▸ **WHAT THE EXERCISE ASKS**: Return the listing below unchanged, but without pictures.

------------

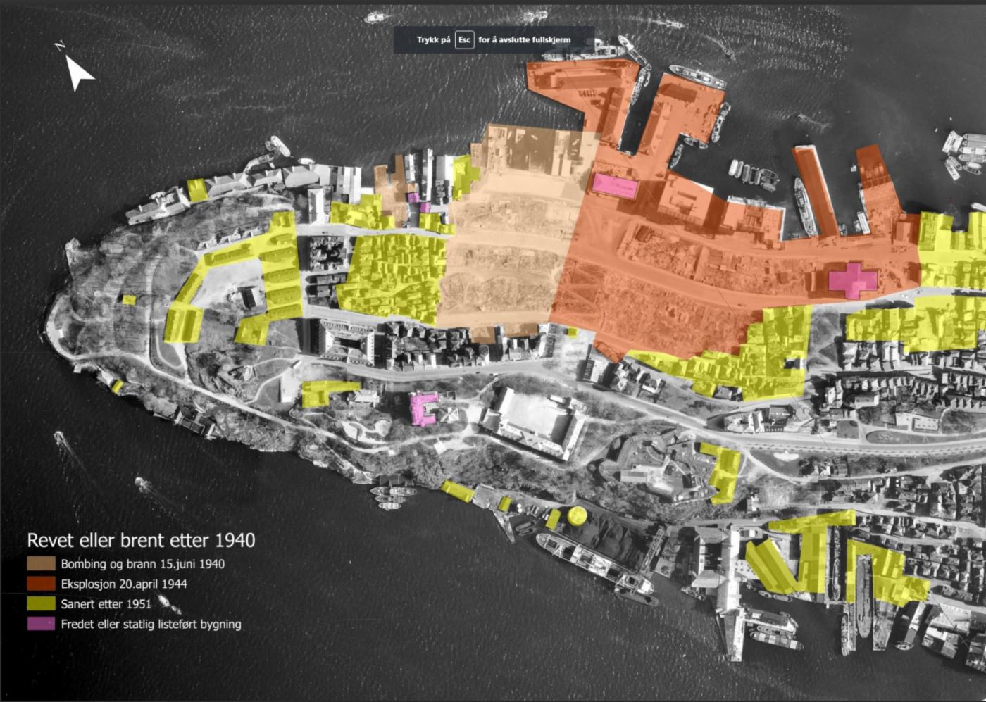 Kartet Byantikvaren har utarbeidet, gir et inntrykk av hvor store områder som ble påvirket av de nevnte krigshendelsene, og som gjennomgikk sanering i ti-årene etter krigen.
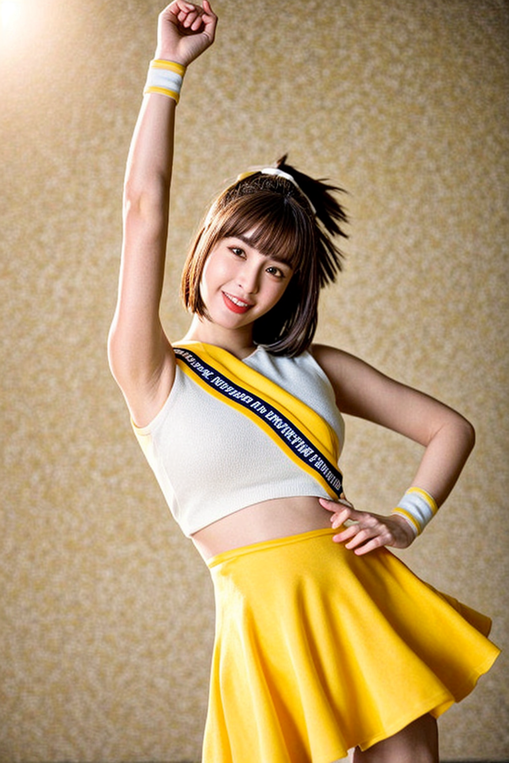 hyper realistic lifelike texture dramatic lighting unreal engine trending on art station, award winning photo, nikon RAW photo,8 k, Fujifilm XT3,masterpiece, best quality, realistic, photorealistic, ultra detailed, extremely detailed face, solo,1girl,(looking at viewer),smile,stadium,yellow cheerleader uniform, upper body,<lora:qun:0.9>,<lora:add_detail:0.3>,<lora:LCM-LoRA_sd15:1>
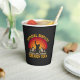 Bigfoot sieht glücklich aus, wenn er weitergeht. Es handelt sich um ein Retro-Sonnenaufgang in Gelb, Orange und Rot und sieht auf einem schwarzen oder dunklen Hintergrund hervorragend aus.
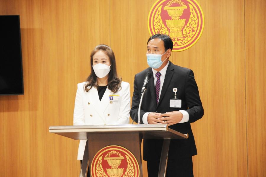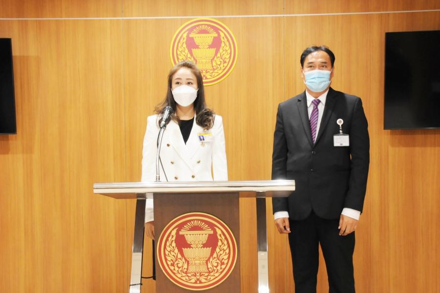 น.ส.นภาภรณ์ เพ็ชร์จินดา และนายมานะศักดิ์ จันทร์ประสงค์ โฆษกคณะกมธ.กิจการสภาผู้แทนราษฎร แถลงข่าวถึงประเด็นที่สื่อมวลชนนำเสนอข่าวเกี่ยวกับสโมสรรัฐสภา
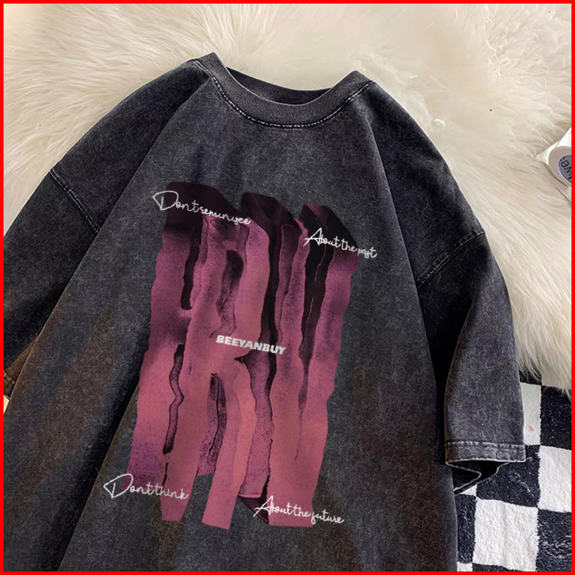 A1001 Forteid-t-shirt Washed Oversize Street Style Kaos Wanita Hitam Baju Atasan Lengan Pendek Wanita Kaos Oversize Terb
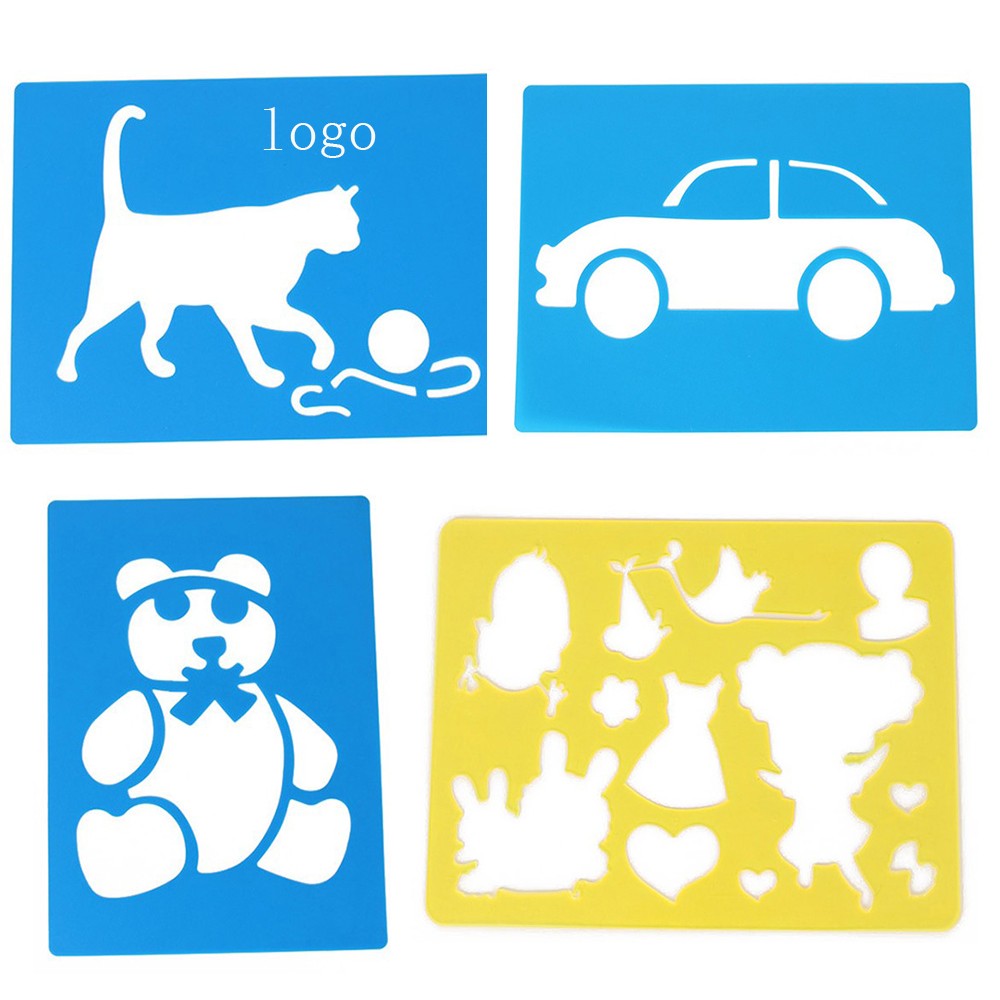 Stencil made of plastic in green, neon pink, true yellow, royal blue, ocean blue, sunburst orange, purple pizzazz, red, gray or white. 4 .9" x 7.8".

------------

▸ **TASK RESULT**:
 Kartet Byantikvaren har utarbeidet, gir et inntrykk av hvor store områder som ble påvirket av de nevnte krigshendelsene, og som gjennomgikk sanering i ti-årene etter krigen.
 hyper realistic lifelike texture dramatic lighting unreal engine trending on art station, award winning photo, nikon RAW photo,8 k, Fujifilm XT3,masterpiece, best quality, realistic, photorealistic, ultra detailed, extremely detailed face, solo,1girl,(looking at viewer),smile,stadium,yellow cheerleader uniform, upper body,<lora:qun:0.9>,<lora:add_detail:0.3>,<lora:LCM-LoRA_sd15:1>
 Bigfoot sieht glücklich aus, wenn er weitergeht. Es handelt sich um ein Retro-Sonnenaufgang in Gelb, Orange und Rot und sieht auf einem schwarzen oder dunklen Hintergrund hervorragend aus.
 น.ส.นภาภรณ์ เพ็ชร์จินดา และนายมานะศักดิ์ จันทร์ประสงค์ โฆษกคณะกมธ.กิจการสภาผู้แทนราษฎร แถลงข่าวถึงประเด็นที่สื่อมวลชนนำเสนอข่าวเกี่ยวกับสโมสรรัฐสภา
 A1001 Forteid-t-shirt Washed Oversize Street Style Kaos Wanita Hitam Baju Atasan Lengan Pendek Wanita Kaos Oversize Terb
 Stencil made of plastic in green, neon pink, true yellow, royal blue, ocean blue, sunburst orange, purple pizzazz, red, gray or white. 4 .9" x 7.8".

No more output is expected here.